Despite recommendations in guidelines, combinations containing a calcium channel blocker and diuretic are less commonly prescribed than combinations containing a renin angiotensin system (RAS) inhibitor in the management of hypertension. This randomized controlled trial assessed the systolic blood pressure (BP)-lowering efficacy and tolerability of the single-pill combinations (SPC) of indapamide sustained release (SR)/amlodipine vs valsartan/amlodipine over 3 months
Design and method:
Following a 4 week run-in with amlodipine 5 mg, 465 adult hypertensive patients (systolic BP > = 150 and <180 mmHg and/or diastolic BP <110 mmHg) were randomized to receive indapamide SR 1.5 mg/amlodipine 5 mg (n = 233) or valsartan 80 mg/amlodipine 5 mg (n = 232). Treatment was uptitrated to indapamide SR 1.5 mg/amlodipine 10 mg or valsartan 160 mg/amlodipine 5 mg at week 6 if office BP remained uncontrolled (systolic BP > = 140 and <180 mmHg and/or diastolic BP > = 90 and <110 mmHg). Office systolic BP was assessed at baseline, week 6, and week 12. Ambulatory BP monitoring (ABPM) was performed at baseline and week 12.

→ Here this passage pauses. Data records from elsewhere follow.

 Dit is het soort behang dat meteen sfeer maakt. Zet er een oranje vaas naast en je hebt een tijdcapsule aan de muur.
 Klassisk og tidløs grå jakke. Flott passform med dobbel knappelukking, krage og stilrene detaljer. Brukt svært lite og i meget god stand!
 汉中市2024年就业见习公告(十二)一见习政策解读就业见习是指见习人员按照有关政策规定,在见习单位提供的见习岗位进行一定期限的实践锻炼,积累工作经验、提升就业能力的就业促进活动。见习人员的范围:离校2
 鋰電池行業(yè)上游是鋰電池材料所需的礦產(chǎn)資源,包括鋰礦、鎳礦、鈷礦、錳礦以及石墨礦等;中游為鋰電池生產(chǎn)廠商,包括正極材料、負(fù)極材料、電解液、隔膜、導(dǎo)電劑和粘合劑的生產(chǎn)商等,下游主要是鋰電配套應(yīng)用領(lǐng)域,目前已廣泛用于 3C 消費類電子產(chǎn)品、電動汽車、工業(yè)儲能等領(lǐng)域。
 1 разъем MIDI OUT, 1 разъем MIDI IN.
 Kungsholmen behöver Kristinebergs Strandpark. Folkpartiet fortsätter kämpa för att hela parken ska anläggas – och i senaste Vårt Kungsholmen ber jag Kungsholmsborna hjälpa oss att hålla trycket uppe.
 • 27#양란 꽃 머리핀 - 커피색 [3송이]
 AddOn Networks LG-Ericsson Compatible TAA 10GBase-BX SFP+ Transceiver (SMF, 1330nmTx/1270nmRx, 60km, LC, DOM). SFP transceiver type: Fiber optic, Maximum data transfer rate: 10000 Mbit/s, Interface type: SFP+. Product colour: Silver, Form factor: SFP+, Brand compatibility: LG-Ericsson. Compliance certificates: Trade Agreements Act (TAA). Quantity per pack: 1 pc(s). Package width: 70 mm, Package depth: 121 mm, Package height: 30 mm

At week 12, indapamide SR/amlodipine was as effective as valsartan/amlodipine at reducing office systolic BP (-21 mmHg vs -20 mmHg respectively, P<0.001 for non-inferiority). Amongst patients with BP uncontrolled on ABPM at baseline (BP >130/80 mmHg), indapamide SR/amlodipine (n = 104) was significantly more effective at week 12 at reducing office systolic BP vs valsartan/amlodipine (n = 112) (-23 mmHg vs -18 mmHg, respectively, P = 0.016). Treatment was well tolerated in both groups, in line with safety profiles, with very few patients reporting peripheral edema (n = 2) or orthostatic hypotension (n = 1) with the high dose indapamide SR 1.5 mg/amlodipine 10 mg.

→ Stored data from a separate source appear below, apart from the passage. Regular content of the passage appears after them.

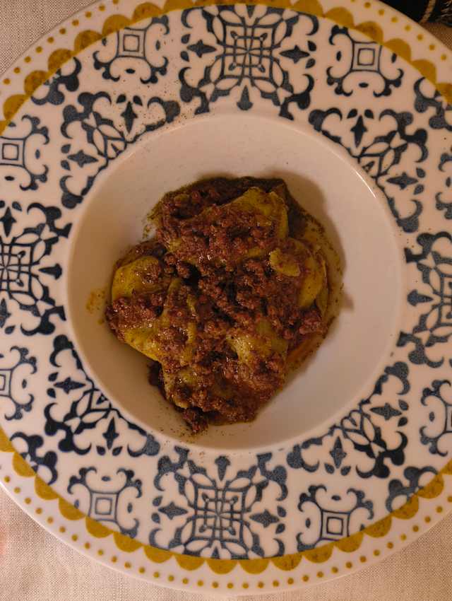 - Tortello ripieno di patate con ragù di faraona e granella di nocciole
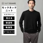 【スーツスクエア】メンズ モックネックニット 長袖 ウォッシャブル プレーティング天竺 無地 ブラック系
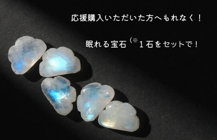 ・各リターン100名様限定にて、レインボームーンストーン・雲カットの宝石をセットでお届けします
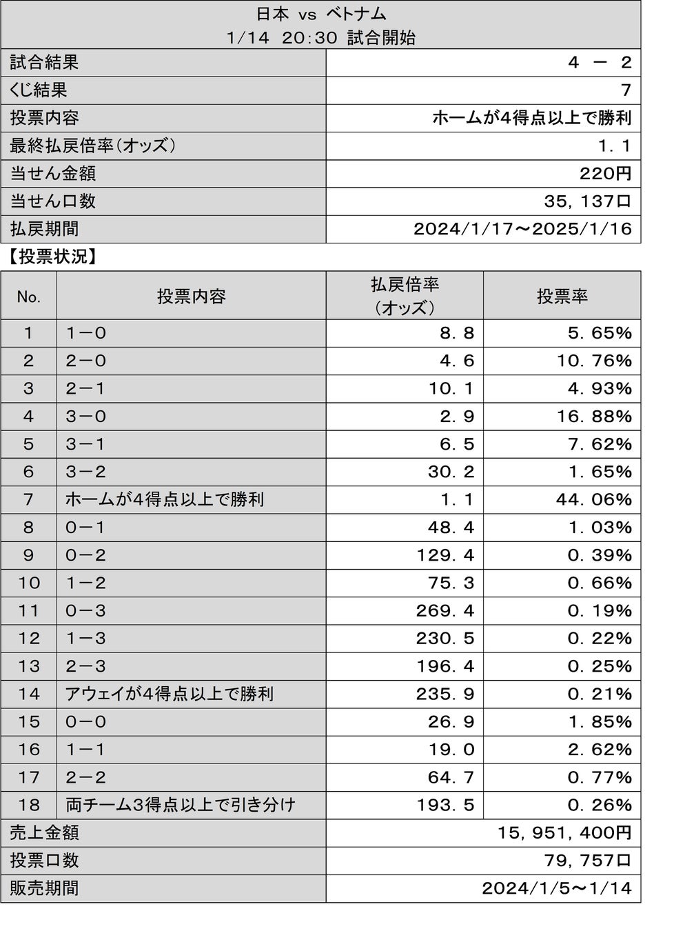 - 日本代表初戦のくじ結果は42で日本勝利、払戻倍率は1.1倍、当せん金額は220円
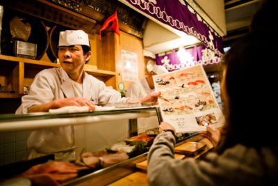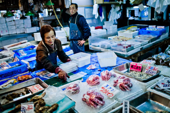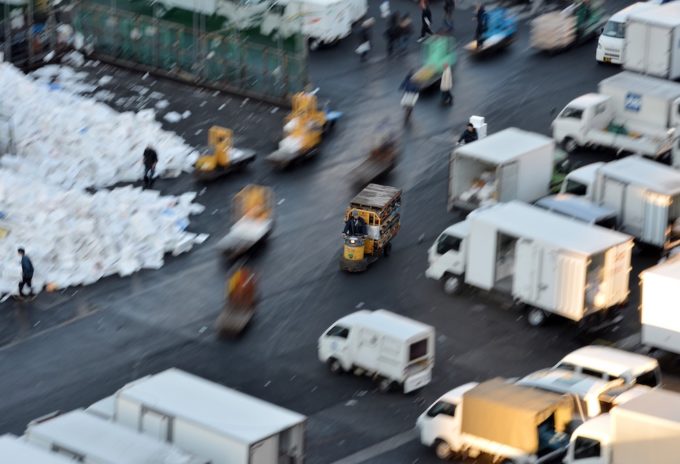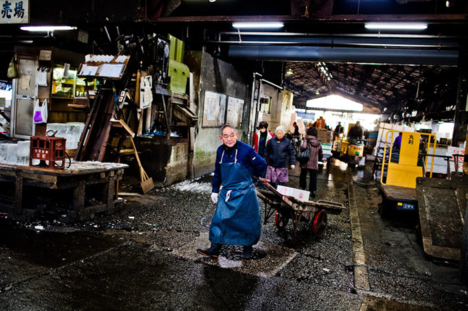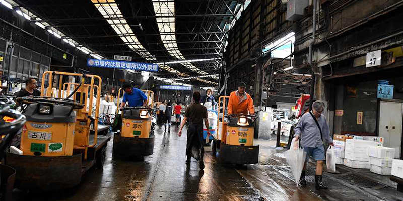 Tsukiji si trova nell’area centrale di Tokyo, a poca distanza dal ricco quartiere di Ginza, con i suoi negozi, ristoranti e aree commerciali di lusso. Il lavoro nel mercato inizia molte ore prima dell’alba, quando camion e furgoni trasportano il pescato del giorno proveniente dal porto. Le casse di pesci, di ogni specie e forma, sono ammassate nella grande area di interscambio all’esterno dell’edificio principale, e vengono poi caricate su rumorosi carrelli a motore per essere trasportate all’interno e raggiungere i banchi dei venditori. Il lavoro prosegue freneticamente fino a metà mattina, quando la maggior parte del pesce è stata venduta e lascia nuovamente il mercato, su furgoni più piccoli.

These results confirm that in adult hypertensive patients, indapamide SR/amlodipine SPC effectively lowers office systolic BP at 3 months and is as effective as valsartan/amlodipine, a standard combination containing a RAS inhibitor. Amongst a subgroup of patients with sustained hypertension (uncontrolled BP on ABPM at baseline), indapamide SR/amlodipine was significantly more effective than valsartan/amlodipine at lowering office systolic BP. In addition, despite doubling the dose of amlodipine in the high- vs low-dose group, the indapamide SR/amlodipine combination was well tolerated with particularly low rates of edema and orthostatic hypotension.